August has been hot, hot, hot! And nothing cools down a hot body like ice cream. But if you want to keep your bod hot, you might want to try these healthier alternatives. These have no sweeteners other than natural whole fruit (oops, I lie, there is a tablespoon of maple syrup in the Raspberry Avocado Ice Cream). And they are all dairy-free for those who may have issues in this area (aloha, Alora)!
They are also super simple and quick to whip up. And I mean that literally. You just need a high speed blender or food processor. I use my mini food processor for double scoops in a snap. The first recipe has 5 ingredients and the others have 3 or fewer (okay, the Pina Colada Ice Cream technically has 4 if you add the optional rum). And the best part is you actually know what the ingredients are!
By contrast, here is the ingredient list for PC Chocolate Ice Cream: Cream, modified milk ingredients, sugar, glucose solids, cocoa, mono and diglycerides, cellulose gum, guar gum, polysorbate 80, carrageenan. At least it starts with cream, which is more than you can say for many brands. I invite you to mosey on over to the Baskin Robbins website and download the nutrition facts.

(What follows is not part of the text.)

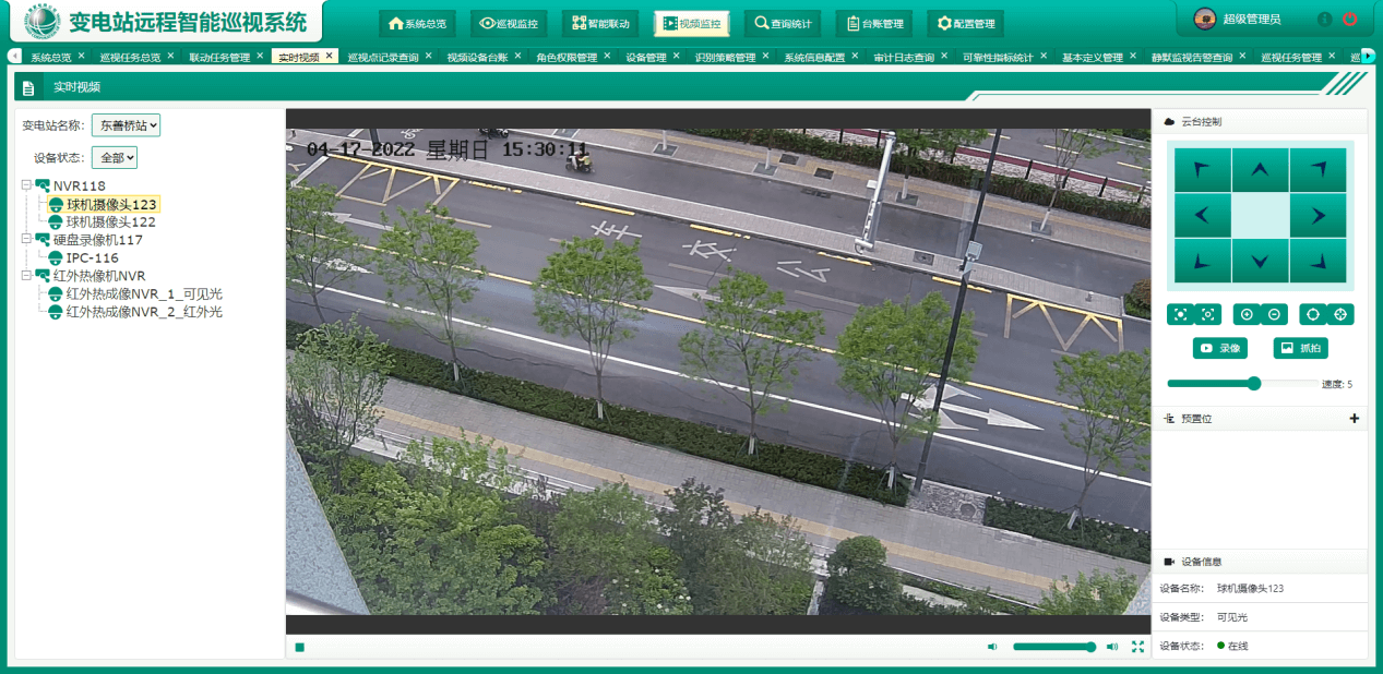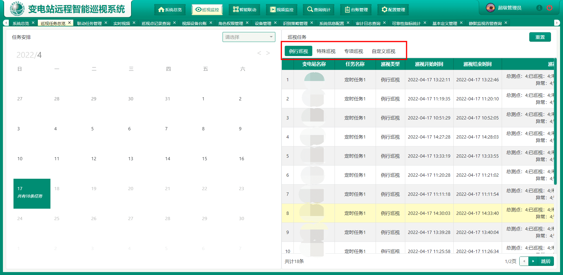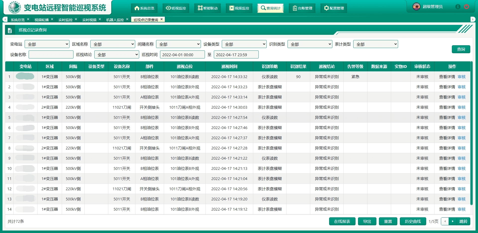 Through the application of artificial intelligence technology, the intelligent recognition, automatic classification and data analysis of visual inspection images can be realized, and with the formulation of autonomous inspection tasks, routine inspections, special inspections, dedicated inspections, custom inspections and silent monitoring can be realized, so as to effectively reduce the workload and inspection stress of the operation and maintenance personnel.

The ingredient list for their Berry Cookies ‘n Cream Frozen Yogurt (the first in the PDF) is 15 lines long (not 15 ingredients, 15 lines)! It is much healthier to make your own.
I like the ice creams best served immediately as the consistency is just perfect. If you prefer to make them ahead and freeze, it’s a good idea to let them sit at room temperature for about 15 minutes before serving to temper them. Otherwise scooping them out can do double-duty as your strength training workout.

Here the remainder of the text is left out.